● **EXERCISE OBJECTIVE**
From the entries below, copy exactly the lines from the one that contains "The Nike Dunk" through the one that contains "表1锂云母纯矿物及实际矿化学多元素分析结果", both included, and only those.

[EXERCISE INPUT — start]

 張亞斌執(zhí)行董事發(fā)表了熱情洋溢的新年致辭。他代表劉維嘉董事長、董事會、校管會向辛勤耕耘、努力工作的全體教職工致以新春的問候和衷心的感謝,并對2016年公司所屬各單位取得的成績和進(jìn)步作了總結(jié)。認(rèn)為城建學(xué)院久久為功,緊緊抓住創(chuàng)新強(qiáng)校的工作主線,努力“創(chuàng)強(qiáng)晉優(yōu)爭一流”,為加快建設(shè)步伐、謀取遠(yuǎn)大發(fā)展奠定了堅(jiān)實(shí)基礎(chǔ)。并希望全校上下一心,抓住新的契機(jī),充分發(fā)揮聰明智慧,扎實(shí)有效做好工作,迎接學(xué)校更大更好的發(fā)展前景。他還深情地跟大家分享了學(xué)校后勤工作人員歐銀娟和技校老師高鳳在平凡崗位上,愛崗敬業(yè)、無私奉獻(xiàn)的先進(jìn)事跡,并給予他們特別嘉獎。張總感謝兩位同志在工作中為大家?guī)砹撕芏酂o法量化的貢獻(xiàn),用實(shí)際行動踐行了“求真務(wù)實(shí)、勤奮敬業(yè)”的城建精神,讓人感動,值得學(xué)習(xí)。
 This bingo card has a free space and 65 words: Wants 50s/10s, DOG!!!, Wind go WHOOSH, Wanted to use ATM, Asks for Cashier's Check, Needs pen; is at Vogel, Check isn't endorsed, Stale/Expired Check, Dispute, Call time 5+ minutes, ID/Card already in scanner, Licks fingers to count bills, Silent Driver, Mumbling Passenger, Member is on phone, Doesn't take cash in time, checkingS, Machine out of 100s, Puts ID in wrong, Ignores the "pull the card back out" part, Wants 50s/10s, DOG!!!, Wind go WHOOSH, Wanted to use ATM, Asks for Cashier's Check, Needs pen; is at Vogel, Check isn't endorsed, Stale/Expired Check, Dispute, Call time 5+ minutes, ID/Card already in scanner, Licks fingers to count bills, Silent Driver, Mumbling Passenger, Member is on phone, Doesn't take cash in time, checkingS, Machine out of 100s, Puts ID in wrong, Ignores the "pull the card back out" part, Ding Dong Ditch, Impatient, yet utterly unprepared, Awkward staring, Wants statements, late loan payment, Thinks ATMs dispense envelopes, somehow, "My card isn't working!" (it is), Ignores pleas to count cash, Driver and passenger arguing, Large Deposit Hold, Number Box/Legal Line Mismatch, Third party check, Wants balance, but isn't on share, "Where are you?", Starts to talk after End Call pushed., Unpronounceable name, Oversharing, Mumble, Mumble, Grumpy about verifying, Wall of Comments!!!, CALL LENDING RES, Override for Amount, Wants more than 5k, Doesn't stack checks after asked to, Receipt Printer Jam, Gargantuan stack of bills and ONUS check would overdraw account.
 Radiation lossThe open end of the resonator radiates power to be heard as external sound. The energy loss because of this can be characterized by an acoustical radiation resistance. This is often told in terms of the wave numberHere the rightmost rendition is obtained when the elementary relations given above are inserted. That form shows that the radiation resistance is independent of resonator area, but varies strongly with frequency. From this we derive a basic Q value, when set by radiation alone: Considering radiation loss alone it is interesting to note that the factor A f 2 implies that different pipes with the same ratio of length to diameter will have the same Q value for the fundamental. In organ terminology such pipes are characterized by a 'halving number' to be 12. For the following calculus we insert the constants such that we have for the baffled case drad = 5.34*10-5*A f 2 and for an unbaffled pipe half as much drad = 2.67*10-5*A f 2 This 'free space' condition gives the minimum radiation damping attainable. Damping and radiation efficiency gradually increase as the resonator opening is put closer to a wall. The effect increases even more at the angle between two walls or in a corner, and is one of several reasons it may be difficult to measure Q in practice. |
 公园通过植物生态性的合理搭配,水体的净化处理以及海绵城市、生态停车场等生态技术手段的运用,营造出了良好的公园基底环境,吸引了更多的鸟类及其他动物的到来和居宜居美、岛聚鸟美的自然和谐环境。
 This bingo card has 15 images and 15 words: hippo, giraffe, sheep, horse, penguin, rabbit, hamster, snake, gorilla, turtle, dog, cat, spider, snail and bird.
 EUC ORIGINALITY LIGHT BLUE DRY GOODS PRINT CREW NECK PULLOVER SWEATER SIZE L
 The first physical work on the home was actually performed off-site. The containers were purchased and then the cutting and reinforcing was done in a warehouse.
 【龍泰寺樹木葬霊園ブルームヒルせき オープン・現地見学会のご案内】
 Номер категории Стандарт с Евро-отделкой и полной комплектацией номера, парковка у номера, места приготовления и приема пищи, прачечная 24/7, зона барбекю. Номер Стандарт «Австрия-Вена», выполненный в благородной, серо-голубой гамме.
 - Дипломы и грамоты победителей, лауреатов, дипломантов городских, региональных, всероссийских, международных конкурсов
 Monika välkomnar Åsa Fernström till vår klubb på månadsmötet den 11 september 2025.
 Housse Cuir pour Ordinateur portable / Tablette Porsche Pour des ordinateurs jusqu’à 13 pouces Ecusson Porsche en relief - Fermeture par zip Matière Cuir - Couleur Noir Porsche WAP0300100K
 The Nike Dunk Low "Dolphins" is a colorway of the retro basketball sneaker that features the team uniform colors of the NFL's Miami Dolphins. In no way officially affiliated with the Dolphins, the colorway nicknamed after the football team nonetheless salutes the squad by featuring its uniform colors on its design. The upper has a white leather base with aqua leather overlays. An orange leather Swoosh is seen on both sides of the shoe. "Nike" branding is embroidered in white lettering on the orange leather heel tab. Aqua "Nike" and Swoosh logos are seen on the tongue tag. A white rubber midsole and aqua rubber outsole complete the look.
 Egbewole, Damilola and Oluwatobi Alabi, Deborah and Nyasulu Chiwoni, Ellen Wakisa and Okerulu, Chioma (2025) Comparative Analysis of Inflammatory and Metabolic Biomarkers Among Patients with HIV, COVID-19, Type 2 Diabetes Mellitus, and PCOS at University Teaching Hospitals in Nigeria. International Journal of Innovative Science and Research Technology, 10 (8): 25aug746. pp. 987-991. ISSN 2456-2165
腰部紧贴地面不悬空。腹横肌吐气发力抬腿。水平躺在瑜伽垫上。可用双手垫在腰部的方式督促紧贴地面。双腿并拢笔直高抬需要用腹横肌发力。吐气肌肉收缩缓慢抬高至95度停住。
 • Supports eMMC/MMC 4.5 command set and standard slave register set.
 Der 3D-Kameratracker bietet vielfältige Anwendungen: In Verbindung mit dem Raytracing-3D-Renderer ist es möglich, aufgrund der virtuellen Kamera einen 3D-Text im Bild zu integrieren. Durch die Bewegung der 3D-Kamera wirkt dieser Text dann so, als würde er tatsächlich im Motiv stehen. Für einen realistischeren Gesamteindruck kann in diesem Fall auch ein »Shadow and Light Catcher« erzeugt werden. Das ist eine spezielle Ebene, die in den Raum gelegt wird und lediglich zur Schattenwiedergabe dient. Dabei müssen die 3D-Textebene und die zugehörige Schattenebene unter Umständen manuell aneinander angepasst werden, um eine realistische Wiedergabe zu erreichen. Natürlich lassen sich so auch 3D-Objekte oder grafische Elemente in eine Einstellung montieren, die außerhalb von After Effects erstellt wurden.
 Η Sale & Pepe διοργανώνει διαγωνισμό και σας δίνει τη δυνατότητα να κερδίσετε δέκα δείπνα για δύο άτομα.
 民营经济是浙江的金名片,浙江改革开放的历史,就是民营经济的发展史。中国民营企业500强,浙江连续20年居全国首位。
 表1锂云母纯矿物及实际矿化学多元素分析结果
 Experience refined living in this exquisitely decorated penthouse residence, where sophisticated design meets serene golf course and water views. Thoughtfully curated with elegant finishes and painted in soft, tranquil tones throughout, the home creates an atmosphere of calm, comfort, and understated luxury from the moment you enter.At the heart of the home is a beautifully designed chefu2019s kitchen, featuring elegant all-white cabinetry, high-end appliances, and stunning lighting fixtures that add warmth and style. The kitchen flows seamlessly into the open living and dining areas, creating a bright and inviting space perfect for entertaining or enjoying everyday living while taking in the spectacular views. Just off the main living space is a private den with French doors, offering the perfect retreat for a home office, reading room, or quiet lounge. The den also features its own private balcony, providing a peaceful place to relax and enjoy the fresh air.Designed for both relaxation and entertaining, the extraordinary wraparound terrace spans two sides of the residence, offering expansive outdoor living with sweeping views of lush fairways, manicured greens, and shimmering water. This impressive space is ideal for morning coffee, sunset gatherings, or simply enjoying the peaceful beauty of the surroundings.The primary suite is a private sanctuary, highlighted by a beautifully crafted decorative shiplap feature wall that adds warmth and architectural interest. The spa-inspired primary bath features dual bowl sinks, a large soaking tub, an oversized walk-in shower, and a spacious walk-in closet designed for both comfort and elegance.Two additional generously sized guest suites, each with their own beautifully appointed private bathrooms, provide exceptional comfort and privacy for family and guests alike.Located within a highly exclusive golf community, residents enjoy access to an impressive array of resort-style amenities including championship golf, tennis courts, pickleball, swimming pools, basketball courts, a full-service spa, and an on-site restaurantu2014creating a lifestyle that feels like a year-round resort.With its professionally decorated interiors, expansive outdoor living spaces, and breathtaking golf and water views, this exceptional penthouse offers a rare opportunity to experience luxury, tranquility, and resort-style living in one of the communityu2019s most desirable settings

[EXERCISE INPUT — finish]

● **SOLUTION TO THIS PROBLEM**
 The Nike Dunk Low "Dolphins" is a colorway of the retro basketball sneaker that features the team uniform colors of the NFL's Miami Dolphins. In no way officially affiliated with the Dolphins, the colorway nicknamed after the football team nonetheless salutes the squad by featuring its uniform colors on its design. The upper has a white leather base with aqua leather overlays. An orange leather Swoosh is seen on both sides of the shoe. "Nike" branding is embroidered in white lettering on the orange leather heel tab. Aqua "Nike" and Swoosh logos are seen on the tongue tag. A white rubber midsole and aqua rubber outsole complete the look.
 Egbewole, Damilola and Oluwatobi Alabi, Deborah and Nyasulu Chiwoni, Ellen Wakisa and Okerulu, Chioma (2025) Comparative Analysis of Inflammatory and Metabolic Biomarkers Among Patients with HIV, COVID-19, Type 2 Diabetes Mellitus, and PCOS at University Teaching Hospitals in Nigeria. International Journal of Innovative Science and Research Technology, 10 (8): 25aug746. pp. 987-991. ISSN 2456-2165
腰部紧贴地面不悬空。腹横肌吐气发力抬腿。水平躺在瑜伽垫上。可用双手垫在腰部的方式督促紧贴地面。双腿并拢笔直高抬需要用腹横肌发力。吐气肌肉收缩缓慢抬高至95度停住。
 • Supports eMMC/MMC 4.5 command set and standard slave register set.
 Der 3D-Kameratracker bietet vielfältige Anwendungen: In Verbindung mit dem Raytracing-3D-Renderer ist es möglich, aufgrund der virtuellen Kamera einen 3D-Text im Bild zu integrieren. Durch die Bewegung der 3D-Kamera wirkt dieser Text dann so, als würde er tatsächlich im Motiv stehen. Für einen realistischeren Gesamteindruck kann in diesem Fall auch ein »Shadow and Light Catcher« erzeugt werden. Das ist eine spezielle Ebene, die in den Raum gelegt wird und lediglich zur Schattenwiedergabe dient. Dabei müssen die 3D-Textebene und die zugehörige Schattenebene unter Umständen manuell aneinander angepasst werden, um eine realistische Wiedergabe zu erreichen. Natürlich lassen sich so auch 3D-Objekte oder grafische Elemente in eine Einstellung montieren, die außerhalb von After Effects erstellt wurden.
 Η Sale & Pepe διοργανώνει διαγωνισμό και σας δίνει τη δυνατότητα να κερδίσετε δέκα δείπνα για δύο άτομα.
 民营经济是浙江的金名片,浙江改革开放的历史,就是民营经济的发展史。中国民营企业500强,浙江连续20年居全国首位。
 表1锂云母纯矿物及实际矿化学多元素分析结果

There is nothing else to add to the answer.